TASK REQUIREMENTS: Every line of the records below from the line with "在顶部菜单栏的开始下方选择查找功能。" up to and including the line with "From the 1933" must be reproduced exactly, and no line outside that range.

RECORD EXTRACTS:
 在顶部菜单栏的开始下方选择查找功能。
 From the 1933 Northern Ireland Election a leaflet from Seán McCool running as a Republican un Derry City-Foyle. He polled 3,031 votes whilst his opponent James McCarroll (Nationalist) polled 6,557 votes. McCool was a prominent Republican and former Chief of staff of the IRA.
* * *
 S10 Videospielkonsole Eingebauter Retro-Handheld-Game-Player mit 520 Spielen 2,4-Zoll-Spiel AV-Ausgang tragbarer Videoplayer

EXERCISE RESPONSE:
 在顶部菜单栏的开始下方选择查找功能。
 From the 1933 Northern Ireland Election a leaflet from Seán McCool running as a Republican un Derry City-Foyle. He polled 3,031 votes whilst his opponent James McCarroll (Nationalist) polled 6,557 votes. McCool was a prominent Republican and former Chief of staff of the IRA.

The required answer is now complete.